:: ACTION ITEM ::
The listing below is to be duplicated exactly, with every picture omitted.

:: DATA FOR ANALYSIS ::
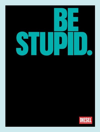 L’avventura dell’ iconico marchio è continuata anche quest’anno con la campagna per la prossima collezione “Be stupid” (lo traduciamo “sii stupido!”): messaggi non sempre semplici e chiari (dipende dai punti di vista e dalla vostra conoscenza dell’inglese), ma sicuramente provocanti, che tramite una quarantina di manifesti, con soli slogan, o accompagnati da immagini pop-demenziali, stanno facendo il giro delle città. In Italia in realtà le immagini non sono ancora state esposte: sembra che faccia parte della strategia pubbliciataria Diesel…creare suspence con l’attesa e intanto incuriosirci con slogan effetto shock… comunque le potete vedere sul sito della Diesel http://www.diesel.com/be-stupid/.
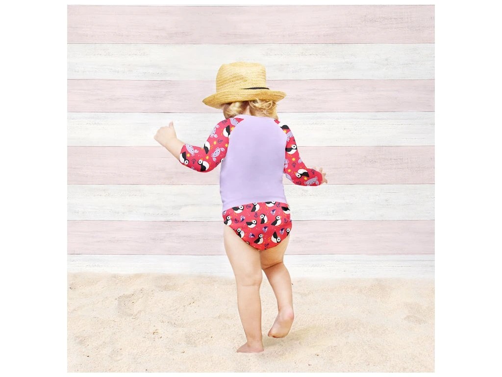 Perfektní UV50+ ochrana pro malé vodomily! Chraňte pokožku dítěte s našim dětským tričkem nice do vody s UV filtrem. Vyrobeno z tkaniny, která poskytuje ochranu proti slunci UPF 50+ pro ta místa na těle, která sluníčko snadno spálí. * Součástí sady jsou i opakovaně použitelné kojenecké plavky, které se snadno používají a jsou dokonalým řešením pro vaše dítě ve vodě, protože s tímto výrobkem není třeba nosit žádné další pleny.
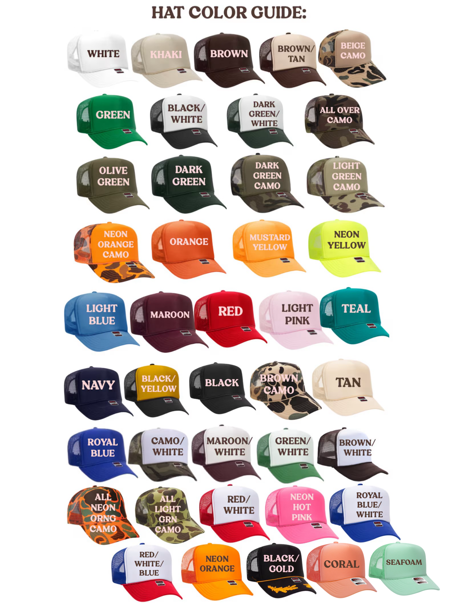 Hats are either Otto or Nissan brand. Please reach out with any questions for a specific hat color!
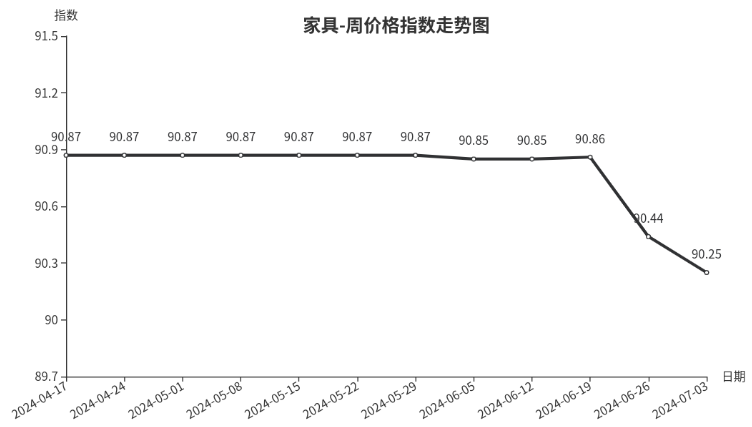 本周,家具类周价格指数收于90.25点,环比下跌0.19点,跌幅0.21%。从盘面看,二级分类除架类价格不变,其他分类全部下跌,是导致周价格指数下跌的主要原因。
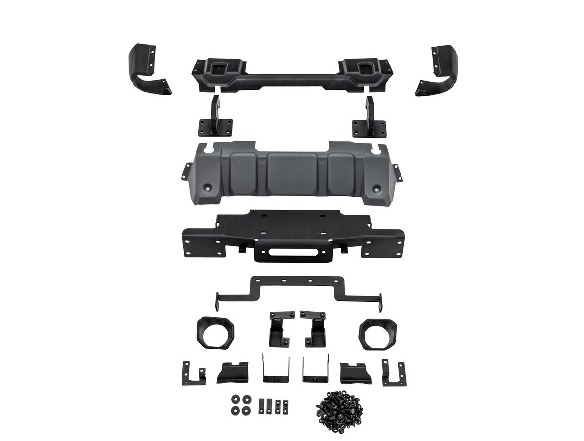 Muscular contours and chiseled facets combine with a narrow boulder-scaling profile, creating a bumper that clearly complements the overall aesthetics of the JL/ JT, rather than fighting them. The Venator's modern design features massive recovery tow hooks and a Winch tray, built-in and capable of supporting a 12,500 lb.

:: OUTPUT FOR THIS EXERCISE ::
 L’avventura dell’ iconico marchio è continuata anche quest’anno con la campagna per la prossima collezione “Be stupid” (lo traduciamo “sii stupido!”): messaggi non sempre semplici e chiari (dipende dai punti di vista e dalla vostra conoscenza dell’inglese), ma sicuramente provocanti, che tramite una quarantina di manifesti, con soli slogan, o accompagnati da immagini pop-demenziali, stanno facendo il giro delle città. In Italia in realtà le immagini non sono ancora state esposte: sembra che faccia parte della strategia pubbliciataria Diesel…creare suspence con l’attesa e intanto incuriosirci con slogan effetto shock… comunque le potete vedere sul sito della Diesel http://www.diesel.com/be-stupid/.
 Perfektní UV50+ ochrana pro malé vodomily! Chraňte pokožku dítěte s našim dětským tričkem nice do vody s UV filtrem. Vyrobeno z tkaniny, která poskytuje ochranu proti slunci UPF 50+ pro ta místa na těle, která sluníčko snadno spálí. * Součástí sady jsou i opakovaně použitelné kojenecké plavky, které se snadno používají a jsou dokonalým řešením pro vaše dítě ve vodě, protože s tímto výrobkem není třeba nosit žádné další pleny.
 Hats are either Otto or Nissan brand. Please reach out with any questions for a specific hat color!
 本周,家具类周价格指数收于90.25点,环比下跌0.19点,跌幅0.21%。从盘面看,二级分类除架类价格不变,其他分类全部下跌,是导致周价格指数下跌的主要原因。
 Muscular contours and chiseled facets combine with a narrow boulder-scaling profile, creating a bumper that clearly complements the overall aesthetics of the JL/ JT, rather than fighting them. The Venator's modern design features massive recovery tow hooks and a Winch tray, built-in and capable of supporting a 12,500 lb.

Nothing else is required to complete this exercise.